Poutine a conclu en disant que si l’arbitre final est la prouesse militaire, cela explique pourquoi la Russie se concentre sur des «forces armées fortes, fiables, bien équipées et correctement motivées», soutenues par une économie solide et «le soutien du peuple multiethnique russe».
Il est fort probable que les opérations militaires russes se déplacent vers l’ouest en direction du Dniepr dans les mois à venir, bien au-delà des quatre nouveaux territoires qui ont rejoint la Fédération de Russie l’année dernière – Louhansk, Donetsk, Zaporozhia et Kherson. En l’absence de tout règlement négocié, la Russie pourrait choisir de «libérer» unilatéralement les régions méridionales de l’Ukraine qui faisaient historiquement partie de la Russie, ce qui inclurait probablement Odessa et toute la côte de la mer Noire, ou Kharkov au nord de la région du Donbass.
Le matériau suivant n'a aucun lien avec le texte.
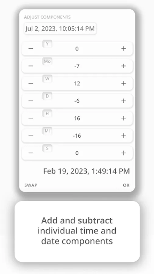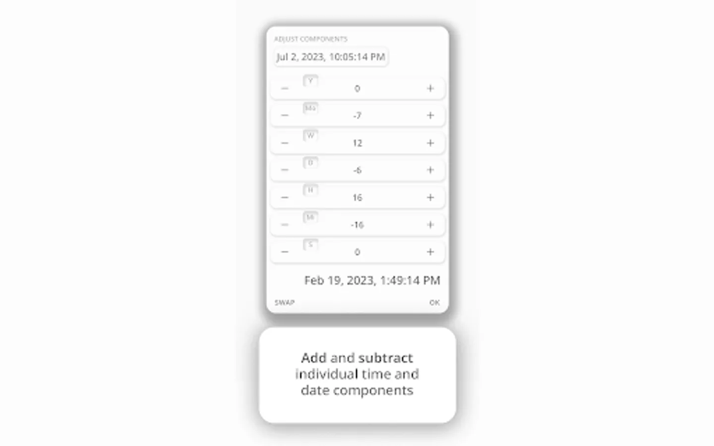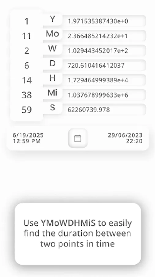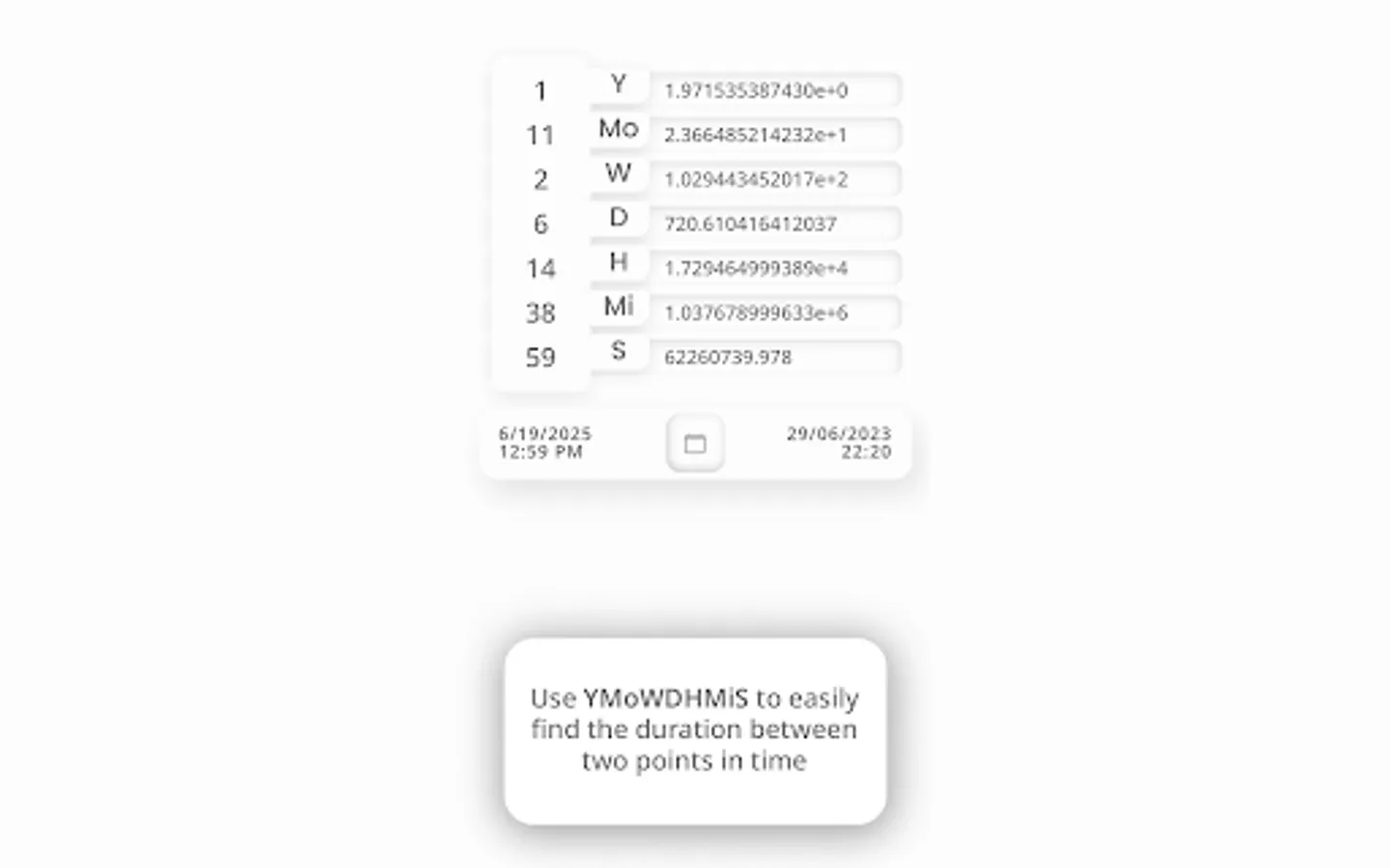 YMoWDHMiS is a versatile time calculator app that lets you calculate the difference between two points in time. It displays an aggregate amount of time, as well as the total in each time unit. You can also adjust the time units to see the resulting date and time.The app also stores a history of previously calculated dates, so you can easily reference them later.
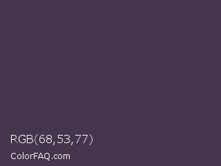 RGB 68,53,77 Color is a dark purple color and the nearest color is Ship Gray #3e3a44. Hex code #44354d and RGB value is rgb(68,53,77). In RGB color space, this color is composed of 27% red, 21% green, 30% blue, In CMYK color space, this color is composed of 12% cyan, 31% magenta, 0% yellow , 70% black , In HSL color space, this color has a hue angle of 278° , 18% saturation and 25% lightness.

La Russie s’attend à ce que les capacités de combat des forces ukrainiennes diminuent fortement dans un avenir proche et l’armée a déjà du mal à trouver de nouvelles recrues. En d’autres termes, au cours de l’année à venir, l’équilibre des forces sur le front se modifiera en raison des lourdes pertes subies par l’armée ukrainienne et de la baisse de l’aide occidentale, et, à un moment donné, les défenses de l’Ukraine commenceront à s’effondrer.
On note les gains récents de la Russie dans les opérations militaires – par exemple, Soledar, Artyomovsk (Bakhmut), Avdeevka, Maryinka, etc. Ce changement va encore s’accélérer car le complexe militaro-industriel russe fonctionne de manière optimale et la Russie déploie massivement de nouveaux types d’armes, comme les bombes aériennes planantes, qui ont modifié le rôle de l’armée de l’air russe dans le conflit.
Des dizaines de bombes aériennes lourdes sont larguées chaque jour et, de même, l’utilisation de munitions de barrage modernes et d’autres systèmes, notamment les munitions à guidage de précision, augmente. Des chars T-90M et de nouveaux types de véhicules blindés légers ont également fait leur apparition sur le champ de bataille.
En comparaison, l’Ukraine est confrontée à une diminution des livraisons d’armes en raison des capacités de production limitées de l’Occident, où une croissance durable de la production à l’échelle industrielle n’est pas envisageable à court terme. Dans le même temps, la crise du Moyen-Orient et les tensions autour de Taïwan deviennent des distractions majeures pour les États-Unis.
Tous ces facteurs pris en compte, un changement décisif dans l’équilibre des forces contre l’Ukraine est tout à fait concevable d’ici la fin de l’année prochaine, conduisant à une fin du conflit aux conditions de la Russie.